━━ Records for this task

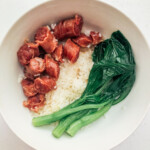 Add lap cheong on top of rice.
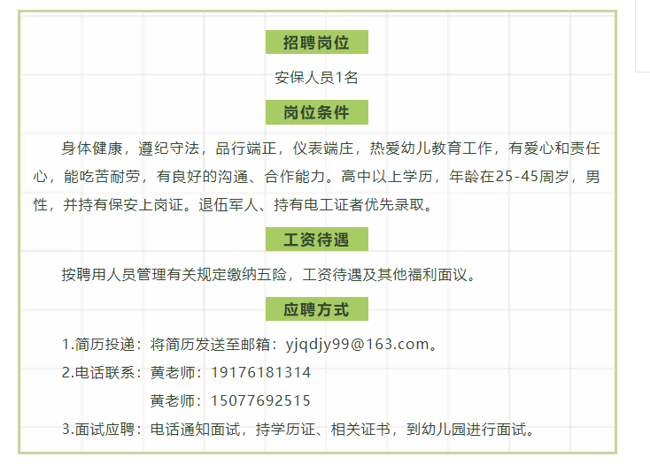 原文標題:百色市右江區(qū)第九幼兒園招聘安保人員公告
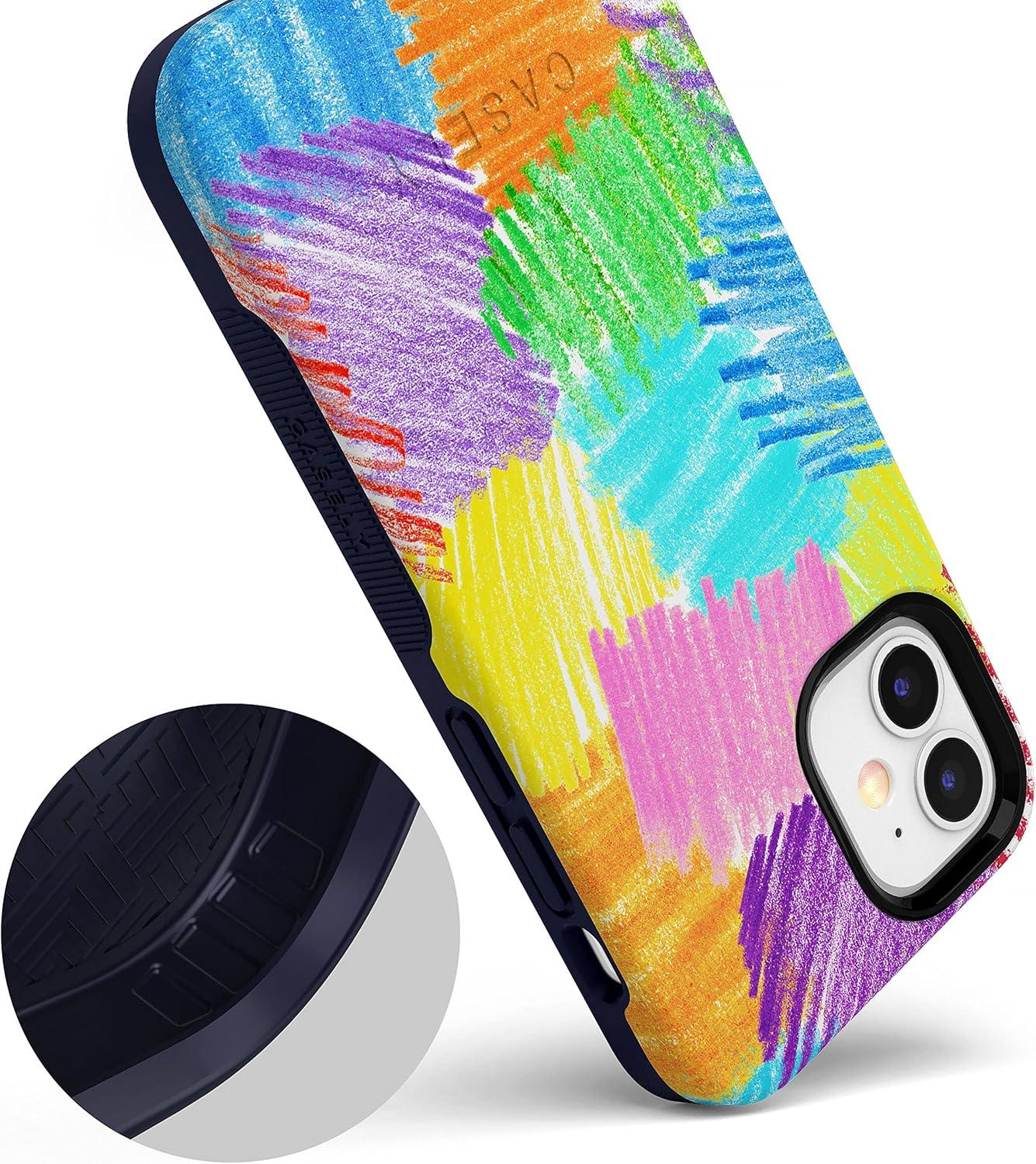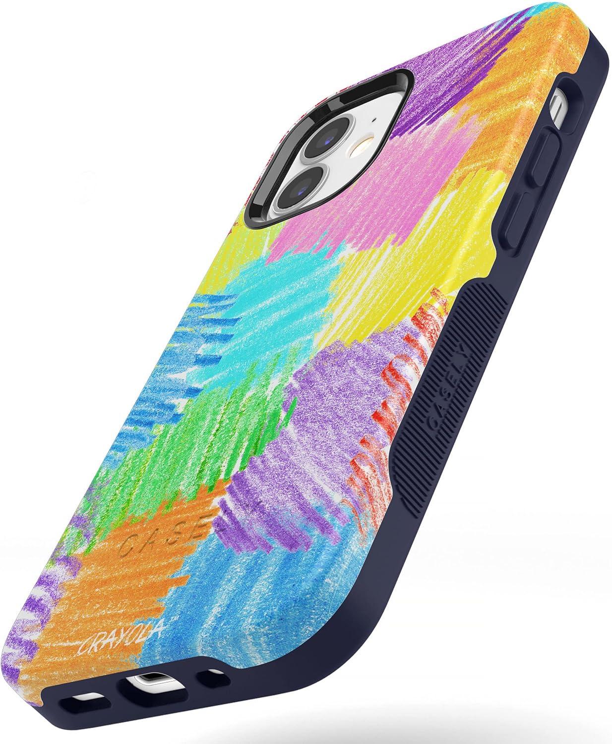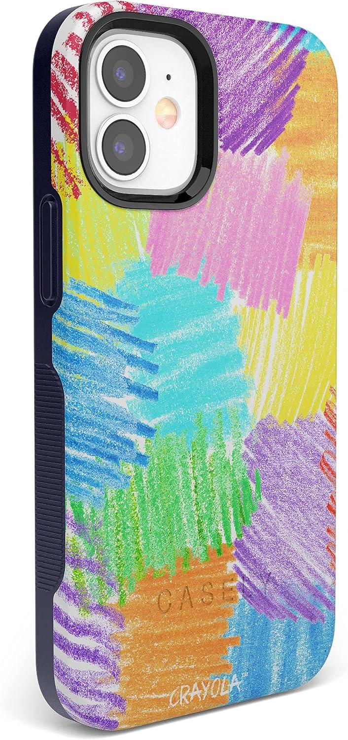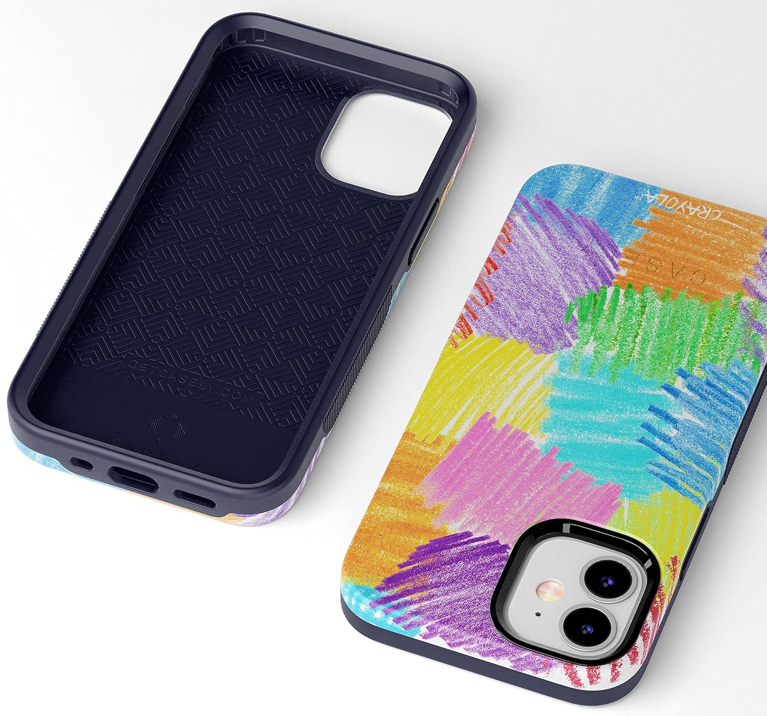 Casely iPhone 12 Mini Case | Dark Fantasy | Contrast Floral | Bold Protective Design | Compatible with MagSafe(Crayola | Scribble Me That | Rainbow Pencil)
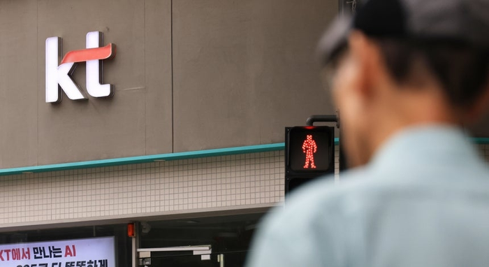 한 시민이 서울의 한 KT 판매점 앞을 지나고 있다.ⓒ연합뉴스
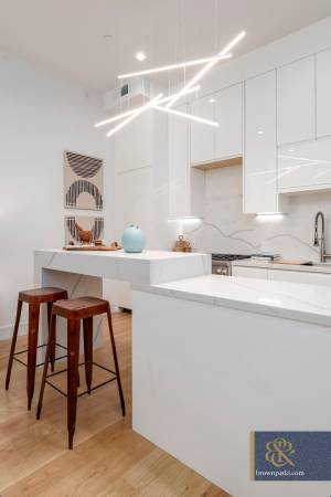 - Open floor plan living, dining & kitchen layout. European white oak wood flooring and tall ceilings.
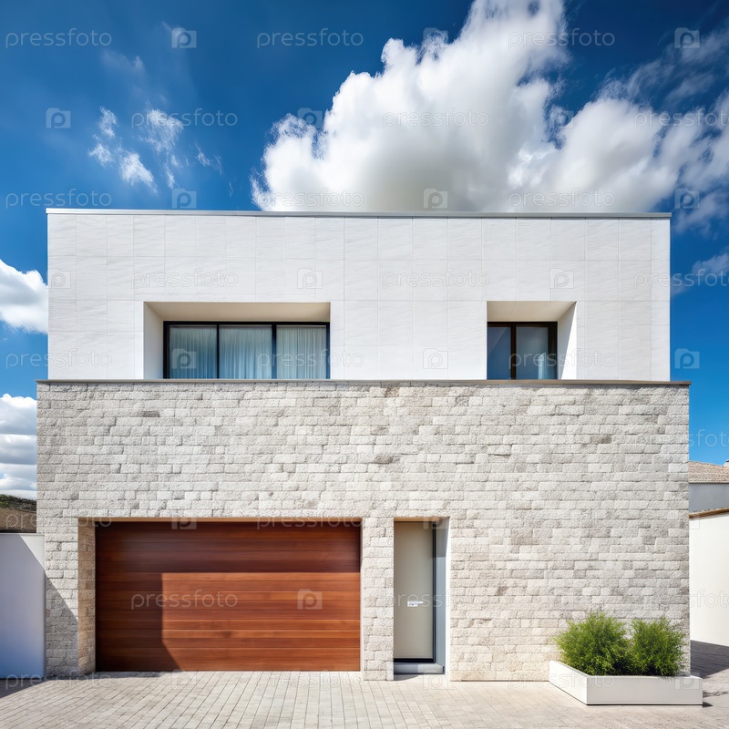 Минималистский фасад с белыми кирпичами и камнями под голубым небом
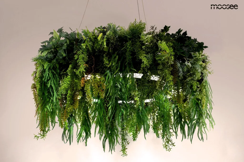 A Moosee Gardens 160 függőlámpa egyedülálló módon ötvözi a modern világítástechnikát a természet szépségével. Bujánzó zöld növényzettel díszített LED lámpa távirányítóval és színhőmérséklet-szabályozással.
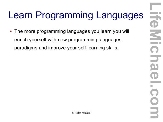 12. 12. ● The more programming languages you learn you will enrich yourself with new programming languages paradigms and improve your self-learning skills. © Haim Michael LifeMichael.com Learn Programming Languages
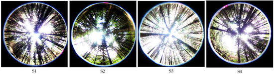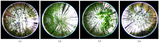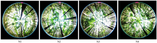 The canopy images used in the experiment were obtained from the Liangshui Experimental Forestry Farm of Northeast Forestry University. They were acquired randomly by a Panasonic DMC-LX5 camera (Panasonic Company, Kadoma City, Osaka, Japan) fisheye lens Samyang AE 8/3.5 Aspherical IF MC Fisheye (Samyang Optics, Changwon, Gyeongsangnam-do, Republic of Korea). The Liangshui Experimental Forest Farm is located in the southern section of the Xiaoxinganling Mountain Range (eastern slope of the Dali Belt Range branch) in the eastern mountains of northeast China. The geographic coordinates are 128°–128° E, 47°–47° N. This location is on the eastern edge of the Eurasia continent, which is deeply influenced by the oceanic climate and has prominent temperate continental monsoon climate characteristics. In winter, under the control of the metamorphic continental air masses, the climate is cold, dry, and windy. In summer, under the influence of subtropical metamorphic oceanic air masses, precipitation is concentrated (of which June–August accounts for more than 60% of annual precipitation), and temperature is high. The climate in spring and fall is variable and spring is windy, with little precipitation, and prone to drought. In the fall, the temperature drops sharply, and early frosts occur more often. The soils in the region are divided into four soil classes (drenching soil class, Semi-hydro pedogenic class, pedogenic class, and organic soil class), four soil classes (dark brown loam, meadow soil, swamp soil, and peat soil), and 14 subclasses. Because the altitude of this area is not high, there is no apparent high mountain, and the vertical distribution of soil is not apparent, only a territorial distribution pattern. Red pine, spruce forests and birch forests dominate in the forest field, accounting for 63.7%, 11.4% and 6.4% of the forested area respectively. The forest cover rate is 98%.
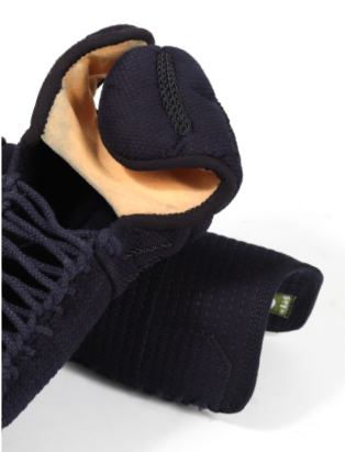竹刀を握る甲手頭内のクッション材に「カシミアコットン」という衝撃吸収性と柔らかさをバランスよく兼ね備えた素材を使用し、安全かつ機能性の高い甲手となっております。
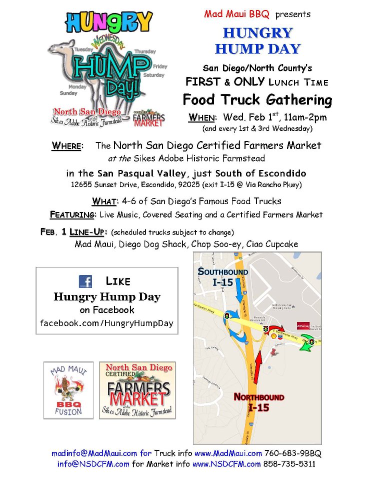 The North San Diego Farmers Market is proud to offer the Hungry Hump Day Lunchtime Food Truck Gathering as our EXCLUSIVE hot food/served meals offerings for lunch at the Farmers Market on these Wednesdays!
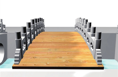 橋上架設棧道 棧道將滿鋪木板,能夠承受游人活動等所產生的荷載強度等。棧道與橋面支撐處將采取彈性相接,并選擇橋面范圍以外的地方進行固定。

━━━━

→ **Task to complete**: Each record above should be copied character for character, with pictures dropped.

→ **Written answer**:
 Add lap cheong on top of rice.
 原文標題:百色市右江區(qū)第九幼兒園招聘安保人員公告
 Casely iPhone 12 Mini Case | Dark Fantasy | Contrast Floral | Bold Protective Design | Compatible with MagSafe(Crayola | Scribble Me That | Rainbow Pencil)
 한 시민이 서울의 한 KT 판매점 앞을 지나고 있다.ⓒ연합뉴스
 - Open floor plan living, dining & kitchen layout. European white oak wood flooring and tall ceilings.
 Минималистский фасад с белыми кирпичами и камнями под голубым небом
 A Moosee Gardens 160 függőlámpa egyedülálló módon ötvözi a modern világítástechnikát a természet szépségével. Bujánzó zöld növényzettel díszített LED lámpa távirányítóval és színhőmérséklet-szabályozással.
 12. 12. ● The more programming languages you learn you will enrich yourself with new programming languages paradigms and improve your self-learning skills. © Haim Michael LifeMichael.com Learn Programming Languages
 The canopy images used in the experiment were obtained from the Liangshui Experimental Forestry Farm of Northeast Forestry University. They were acquired randomly by a Panasonic DMC-LX5 camera (Panasonic Company, Kadoma City, Osaka, Japan) fisheye lens Samyang AE 8/3.5 Aspherical IF MC Fisheye (Samyang Optics, Changwon, Gyeongsangnam-do, Republic of Korea). The Liangshui Experimental Forest Farm is located in the southern section of the Xiaoxinganling Mountain Range (eastern slope of the Dali Belt Range branch) in the eastern mountains of northeast China. The geographic coordinates are 128°–128° E, 47°–47° N. This location is on the eastern edge of the Eurasia continent, which is deeply influenced by the oceanic climate and has prominent temperate continental monsoon climate characteristics. In winter, under the control of the metamorphic continental air masses, the climate is cold, dry, and windy. In summer, under the influence of subtropical metamorphic oceanic air masses, precipitation is concentrated (of which June–August accounts for more than 60% of annual precipitation), and temperature is high. The climate in spring and fall is variable and spring is windy, with little precipitation, and prone to drought. In the fall, the temperature drops sharply, and early frosts occur more often. The soils in the region are divided into four soil classes (drenching soil class, Semi-hydro pedogenic class, pedogenic class, and organic soil class), four soil classes (dark brown loam, meadow soil, swamp soil, and peat soil), and 14 subclasses. Because the altitude of this area is not high, there is no apparent high mountain, and the vertical distribution of soil is not apparent, only a territorial distribution pattern. Red pine, spruce forests and birch forests dominate in the forest field, accounting for 63.7%, 11.4% and 6.4% of the forested area respectively. The forest cover rate is 98%.
竹刀を握る甲手頭内のクッション材に「カシミアコットン」という衝撃吸収性と柔らかさをバランスよく兼ね備えた素材を使用し、安全かつ機能性の高い甲手となっております。
 The North San Diego Farmers Market is proud to offer the Hungry Hump Day Lunchtime Food Truck Gathering as our EXCLUSIVE hot food/served meals offerings for lunch at the Farmers Market on these Wednesdays!
 橋上架設棧道 棧道將滿鋪木板,能夠承受游人活動等所產生的荷載強度等。棧道與橋面支撐處將采取彈性相接,并選擇橋面范圍以外的地方進行固定。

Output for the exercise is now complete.